▶ [What this task involves]
From the first line to the last, please print the entries exactly, omitting pictures.

Data extracted from a collection:
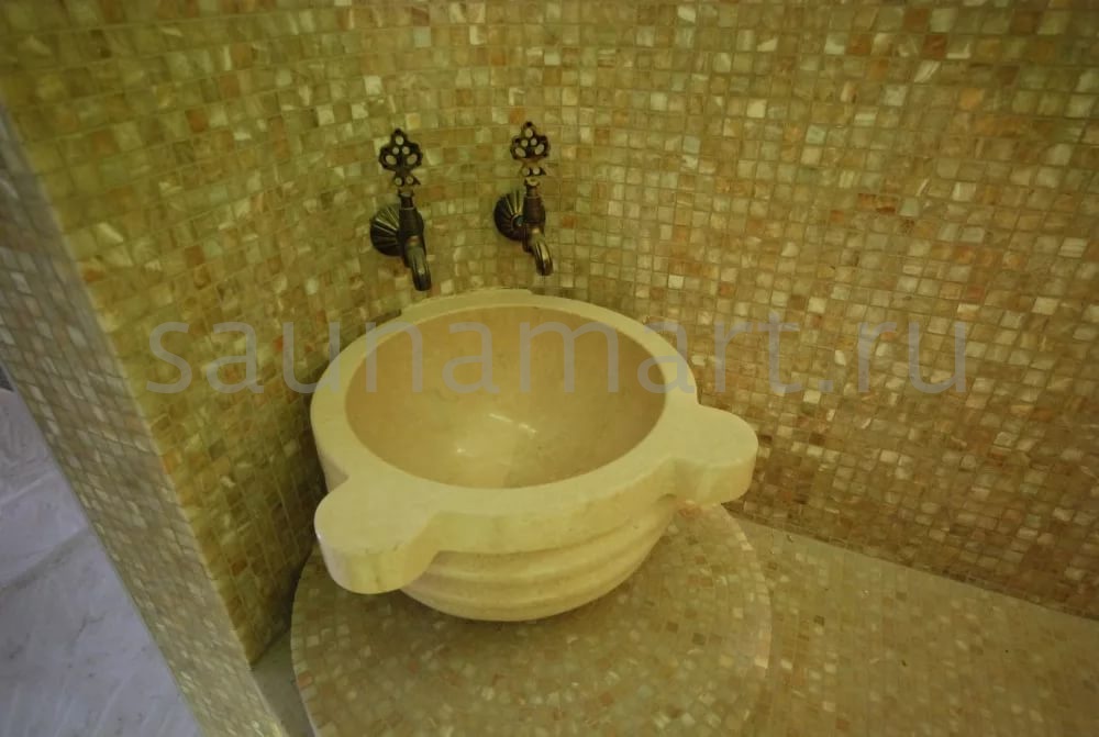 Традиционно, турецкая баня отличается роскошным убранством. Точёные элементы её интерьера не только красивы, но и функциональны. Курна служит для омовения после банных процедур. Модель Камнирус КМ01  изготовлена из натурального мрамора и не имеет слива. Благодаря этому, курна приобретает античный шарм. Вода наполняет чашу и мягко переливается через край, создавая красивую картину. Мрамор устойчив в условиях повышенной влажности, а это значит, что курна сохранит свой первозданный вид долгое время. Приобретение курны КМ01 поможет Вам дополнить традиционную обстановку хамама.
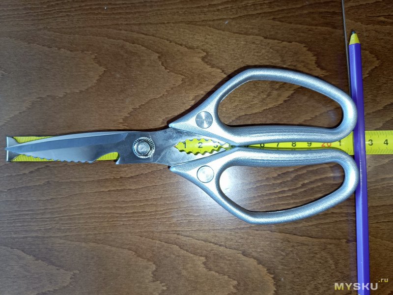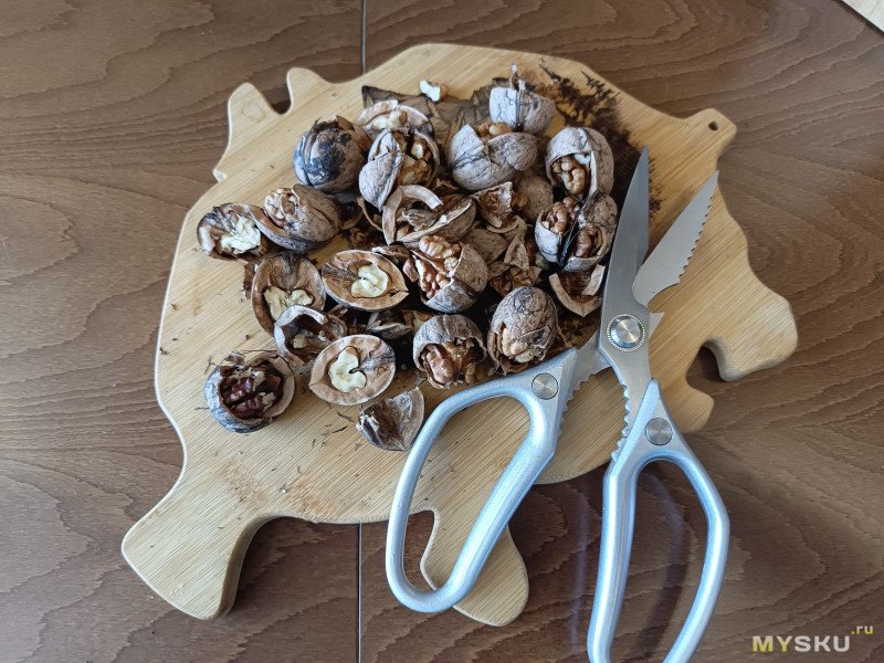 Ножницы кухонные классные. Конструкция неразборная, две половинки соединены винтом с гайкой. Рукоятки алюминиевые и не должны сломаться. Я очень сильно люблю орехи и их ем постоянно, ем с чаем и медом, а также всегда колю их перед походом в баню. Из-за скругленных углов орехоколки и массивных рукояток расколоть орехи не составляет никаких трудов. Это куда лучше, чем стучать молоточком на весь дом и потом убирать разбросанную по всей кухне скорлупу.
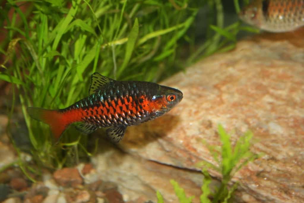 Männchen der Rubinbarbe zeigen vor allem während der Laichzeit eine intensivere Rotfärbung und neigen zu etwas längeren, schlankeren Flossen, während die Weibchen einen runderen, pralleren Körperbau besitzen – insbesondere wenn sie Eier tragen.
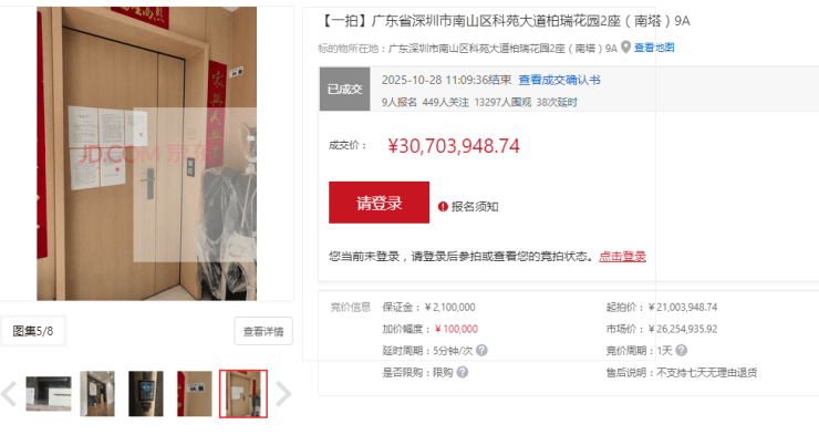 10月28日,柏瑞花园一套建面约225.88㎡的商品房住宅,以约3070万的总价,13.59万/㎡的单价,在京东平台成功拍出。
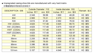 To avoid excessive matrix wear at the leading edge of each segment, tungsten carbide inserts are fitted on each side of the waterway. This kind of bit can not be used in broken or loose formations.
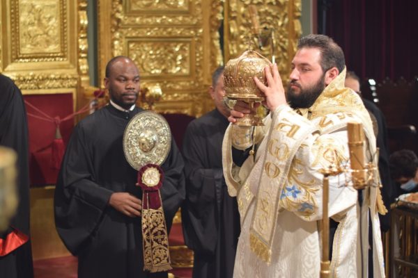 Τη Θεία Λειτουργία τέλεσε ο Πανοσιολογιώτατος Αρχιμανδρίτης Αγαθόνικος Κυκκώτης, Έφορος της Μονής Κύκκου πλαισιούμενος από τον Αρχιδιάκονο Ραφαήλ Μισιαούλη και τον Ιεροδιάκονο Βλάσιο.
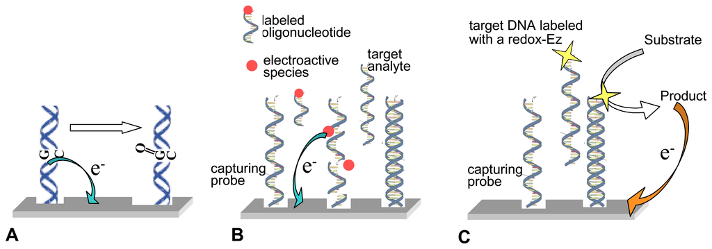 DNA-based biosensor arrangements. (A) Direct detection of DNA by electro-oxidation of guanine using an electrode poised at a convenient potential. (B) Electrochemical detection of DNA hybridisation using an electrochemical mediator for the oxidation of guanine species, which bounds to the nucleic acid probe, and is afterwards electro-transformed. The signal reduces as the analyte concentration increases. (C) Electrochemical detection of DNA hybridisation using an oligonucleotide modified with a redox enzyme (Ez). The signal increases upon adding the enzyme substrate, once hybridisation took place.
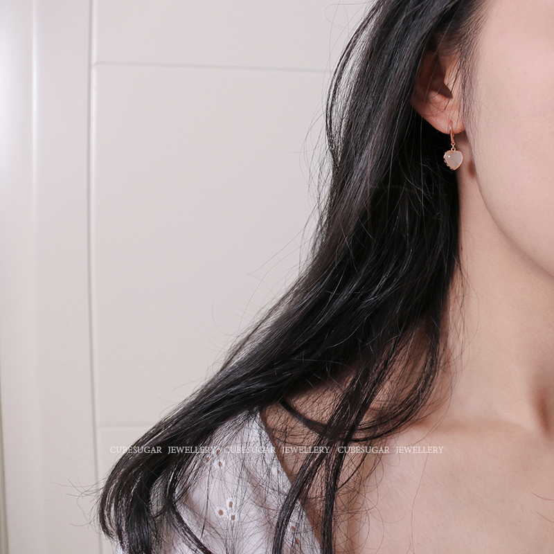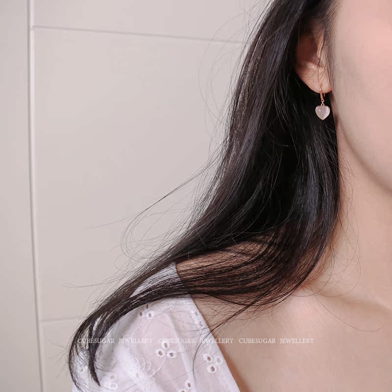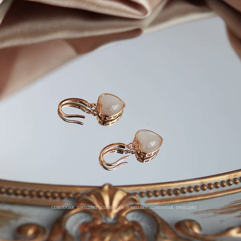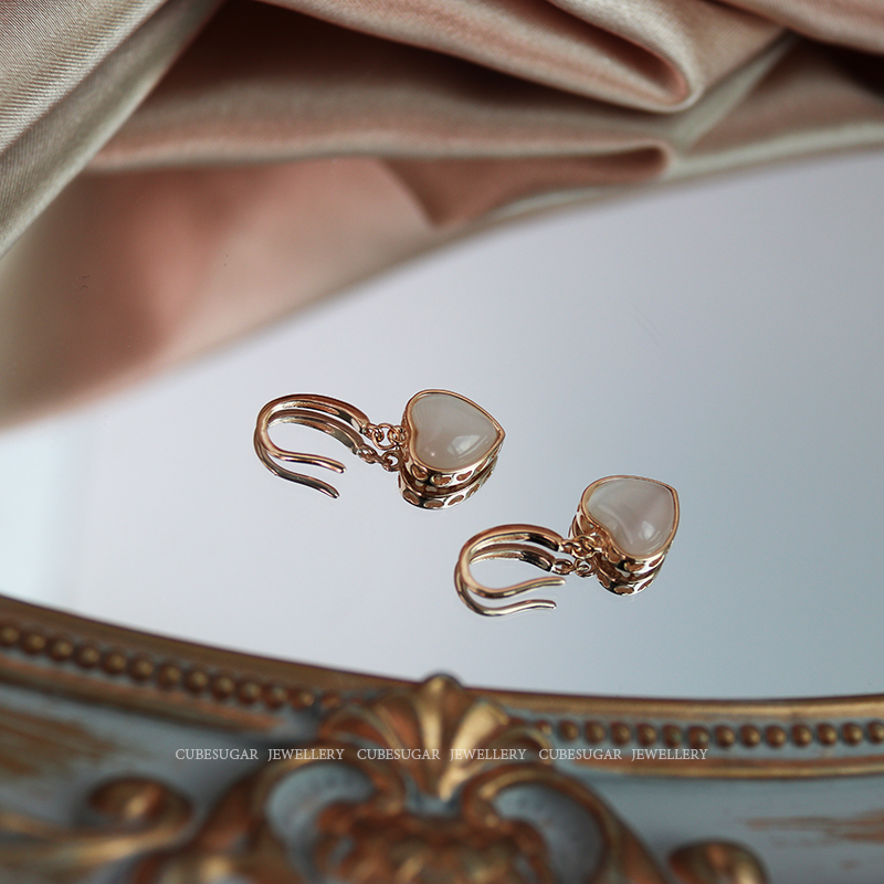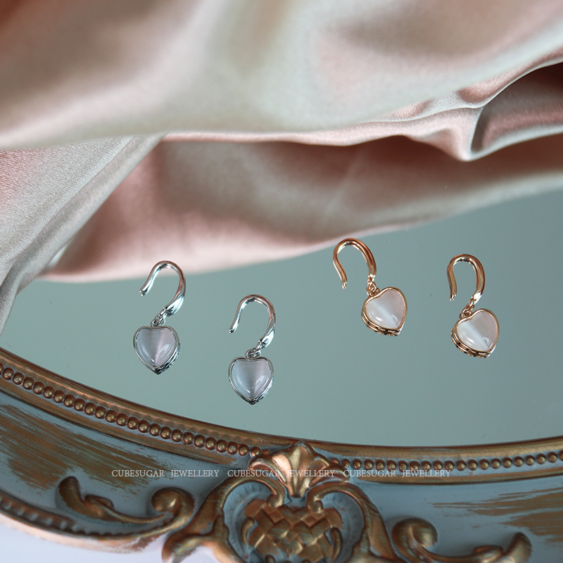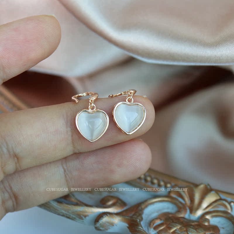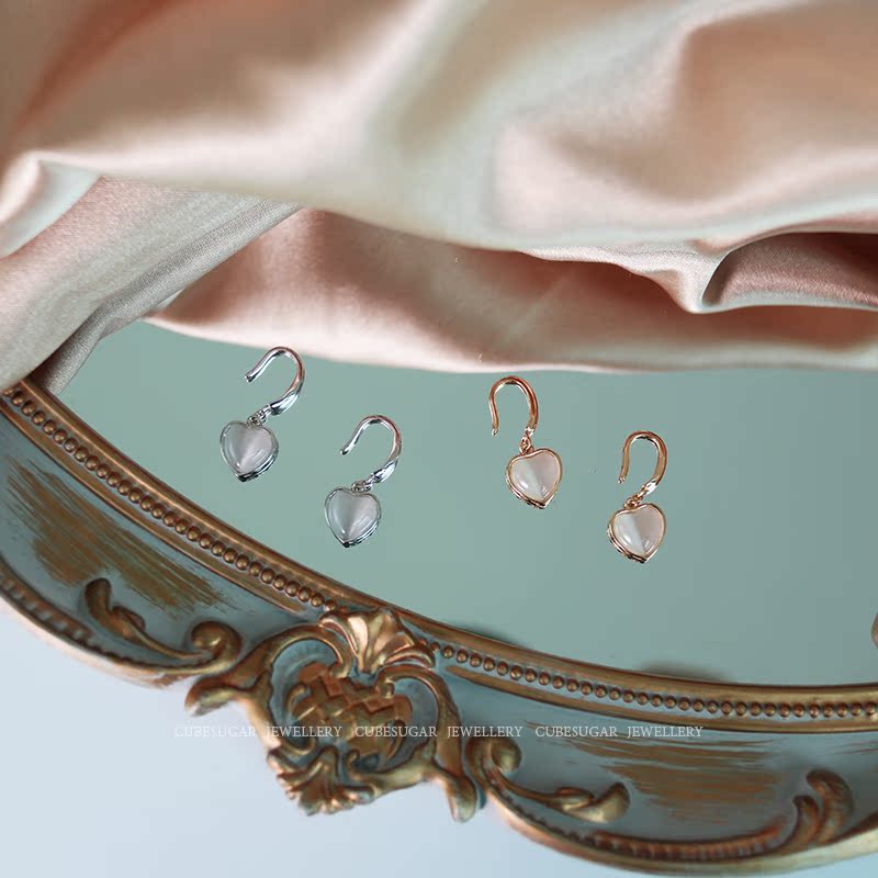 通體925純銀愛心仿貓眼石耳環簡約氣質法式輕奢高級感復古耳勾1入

▶ [Response]
 Традиционно, турецкая баня отличается роскошным убранством. Точёные элементы её интерьера не только красивы, но и функциональны. Курна служит для омовения после банных процедур. Модель Камнирус КМ01  изготовлена из натурального мрамора и не имеет слива. Благодаря этому, курна приобретает античный шарм. Вода наполняет чашу и мягко переливается через край, создавая красивую картину. Мрамор устойчив в условиях повышенной влажности, а это значит, что курна сохранит свой первозданный вид долгое время. Приобретение курны КМ01 поможет Вам дополнить традиционную обстановку хамама.
 Ножницы кухонные классные. Конструкция неразборная, две половинки соединены винтом с гайкой. Рукоятки алюминиевые и не должны сломаться. Я очень сильно люблю орехи и их ем постоянно, ем с чаем и медом, а также всегда колю их перед походом в баню. Из-за скругленных углов орехоколки и массивных рукояток расколоть орехи не составляет никаких трудов. Это куда лучше, чем стучать молоточком на весь дом и потом убирать разбросанную по всей кухне скорлупу.
 Männchen der Rubinbarbe zeigen vor allem während der Laichzeit eine intensivere Rotfärbung und neigen zu etwas längeren, schlankeren Flossen, während die Weibchen einen runderen, pralleren Körperbau besitzen – insbesondere wenn sie Eier tragen.
 10月28日,柏瑞花园一套建面约225.88㎡的商品房住宅,以约3070万的总价,13.59万/㎡的单价,在京东平台成功拍出。
 To avoid excessive matrix wear at the leading edge of each segment, tungsten carbide inserts are fitted on each side of the waterway. This kind of bit can not be used in broken or loose formations.
 Τη Θεία Λειτουργία τέλεσε ο Πανοσιολογιώτατος Αρχιμανδρίτης Αγαθόνικος Κυκκώτης, Έφορος της Μονής Κύκκου πλαισιούμενος από τον Αρχιδιάκονο Ραφαήλ Μισιαούλη και τον Ιεροδιάκονο Βλάσιο.
 DNA-based biosensor arrangements. (A) Direct detection of DNA by electro-oxidation of guanine using an electrode poised at a convenient potential. (B) Electrochemical detection of DNA hybridisation using an electrochemical mediator for the oxidation of guanine species, which bounds to the nucleic acid probe, and is afterwards electro-transformed. The signal reduces as the analyte concentration increases. (C) Electrochemical detection of DNA hybridisation using an oligonucleotide modified with a redox enzyme (Ez). The signal increases upon adding the enzyme substrate, once hybridisation took place.
 通體925純銀愛心仿貓眼石耳環簡約氣質法式輕奢高級感復古耳勾1入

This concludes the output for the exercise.